── DATA FOR THIS EXERCISE
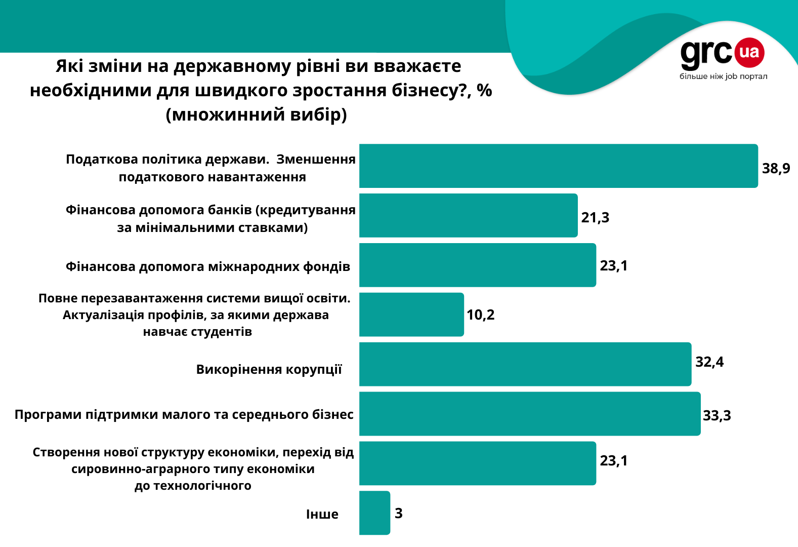 Відчувши серйозні наслідки війни, український бізнес зазначає, що для швидкого зростання бізнесу необхідна підтримка та впровадження змін на державному рівні. Серед бажаних новацій, які допоможуть відновити економіку загалом та діяльність компаній зокрема, підприємці частіше за все озвучують зменшення податкового навантаження, викорінення корупції, впровадження чинних програм підтримки малого та середнього бізнесу.
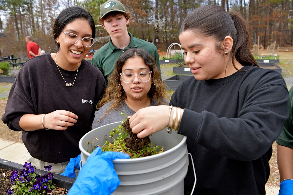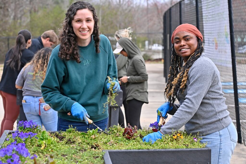 DIFFERENT SPRING BREAK: For some college students, spring break means relaxation, travel and respite from the classroom. But for some Georgia Gwinnett College (GGC) students, spring break brought an opportunity to serve, learn and engage with communities locally and regionally through the college’s alternative spring break program. Spearheaded by GGC’s Student Affairs division, the initiative provides students opportunities to collaborate with nonprofits and community organizers through service projects and cultural experiences. Jenna Scott and Exceersia Marfo (above) were working in the horticulture area. In the photo below, Achint Tuteja, Jacob Corn, Gaby Sifuentes, Maria Diaz-Oimentel were sorting pansies. This year, GGC’s Alternative Spring Break included opportunities for students to serve locally at eight different sites in Gwinnett County. In addition, a trip to Selma, Ala., focused on civic and voter engagement, and another to Walland, Tenn., focused on environmental sustainability.
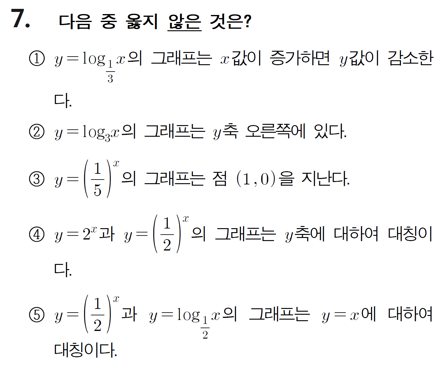 쉬워서 시험에 꼭 나오는데 은근 오답률이 높은 지수함수, 로그함수 설명문제 모음입니다.
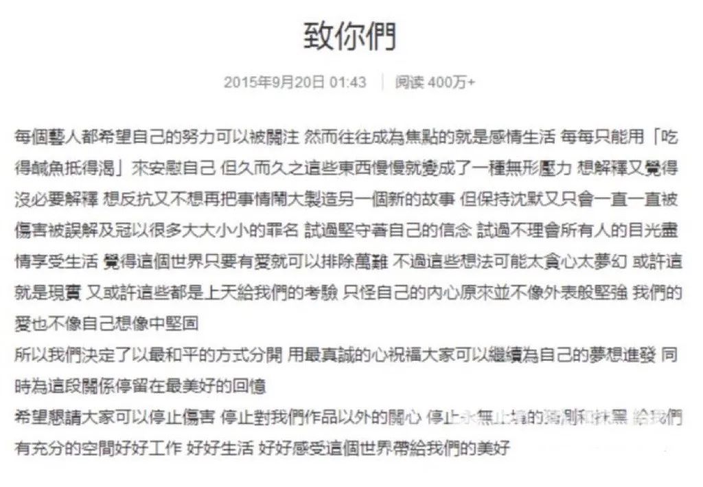 2015年9月20日,陈伟霆发文《致你们》,表明已经与蔡卓妍分手,并希望“大家可以停止伤害,停止对我们作品以外的关心,停止永无止境的猜测和抺黑”。
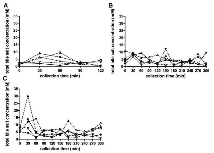 圖3。在禁食(A)、喂食(B)和高脂喂食(C)狀態(tài)HIF中,總膽汁鹽濃度(mM)隨餐后給藥時(shí)間的變化。(--?--)主題1(··?··)主題2,(·–·)△·–·)主題3,(·-·▽·–·)主題4,(-◇–)科目5。
────
Write out again, exactly, each line from the one containing "2015年9月20日,陈伟霆" through the last line of the entries, and omit every picture.

#### TASK RESPONSE
 2015年9月20日,陈伟霆发文《致你们》,表明已经与蔡卓妍分手,并希望“大家可以停止伤害,停止对我们作品以外的关心,停止永无止境的猜测和抺黑”。
 圖3。在禁食(A)、喂食(B)和高脂喂食(C)狀態(tài)HIF中,總膽汁鹽濃度(mM)隨餐后給藥時(shí)間的變化。(--?--)主題1(··?··)主題2,(·–·)△·–·)主題3,(·-·▽·–·)主題4,(-◇–)科目5。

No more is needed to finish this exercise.